Así que todos los días estudiaban asignaturas normales por la mañana y materias psíquicas por la tarde. Axel había avanzado mucho en el control de sus poderes. Por ejemplo, en telequinesis: ahora podía mover una canica con la mente. Solo un par de centímetros, es cierto, pero era un gran avance. Aunque, claro, nada comparado con lo que podían hacer los alumnos de cursos superiores.

El deporte más popular en el colegio era el mentalball. Se jugaba en una pista rectangular de cuatro metros de largo por cincuenta centímetros de ancho. En el centro se colocaba una bola de hierro de treinta kilos de peso, y los contrincantes se situaban en los extremos del rectángulo.
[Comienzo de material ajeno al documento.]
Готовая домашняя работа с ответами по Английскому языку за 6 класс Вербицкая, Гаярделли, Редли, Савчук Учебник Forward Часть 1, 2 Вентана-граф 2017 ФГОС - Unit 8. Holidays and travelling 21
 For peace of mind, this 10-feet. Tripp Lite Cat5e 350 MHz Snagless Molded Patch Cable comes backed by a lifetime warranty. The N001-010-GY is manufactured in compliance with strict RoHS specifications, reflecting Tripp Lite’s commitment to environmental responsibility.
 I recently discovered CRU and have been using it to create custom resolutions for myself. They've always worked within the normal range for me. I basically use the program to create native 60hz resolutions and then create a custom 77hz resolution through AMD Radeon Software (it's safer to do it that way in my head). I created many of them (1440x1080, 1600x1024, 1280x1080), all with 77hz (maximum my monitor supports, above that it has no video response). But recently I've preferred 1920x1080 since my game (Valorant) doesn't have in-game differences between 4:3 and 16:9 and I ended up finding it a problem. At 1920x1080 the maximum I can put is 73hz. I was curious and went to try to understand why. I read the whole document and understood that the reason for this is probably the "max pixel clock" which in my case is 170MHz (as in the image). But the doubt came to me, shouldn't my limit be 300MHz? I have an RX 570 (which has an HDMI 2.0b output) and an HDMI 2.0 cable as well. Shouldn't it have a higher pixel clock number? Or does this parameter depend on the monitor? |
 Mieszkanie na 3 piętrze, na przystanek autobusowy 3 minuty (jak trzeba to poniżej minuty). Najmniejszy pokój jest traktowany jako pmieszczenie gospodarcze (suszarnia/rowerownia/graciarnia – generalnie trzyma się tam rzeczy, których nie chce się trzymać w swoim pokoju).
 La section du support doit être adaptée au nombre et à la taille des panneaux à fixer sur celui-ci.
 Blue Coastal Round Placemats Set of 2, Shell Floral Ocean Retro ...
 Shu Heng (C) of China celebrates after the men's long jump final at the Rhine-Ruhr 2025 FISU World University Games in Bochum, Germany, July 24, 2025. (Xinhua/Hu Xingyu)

A una señal, los jugadores comenzaban a empujar la esfera con la mente, cada uno en sentido contrario. El que conseguía traspasar la línea de fondo de su rival ganaba. Si al cabo de quince minutos la bola no cruzaba ninguna de las dos líneas, el jugador que la tuviera más cerca perdía.

A Axel le encantaba el mentalball.

No podía jugarlo porque su poder telequinético todavía era demasiado débil. Pero le gustaba contemplarlo, pues le parecía muy mágico. Trece, por su parte, estaba en total desacuerdo con él.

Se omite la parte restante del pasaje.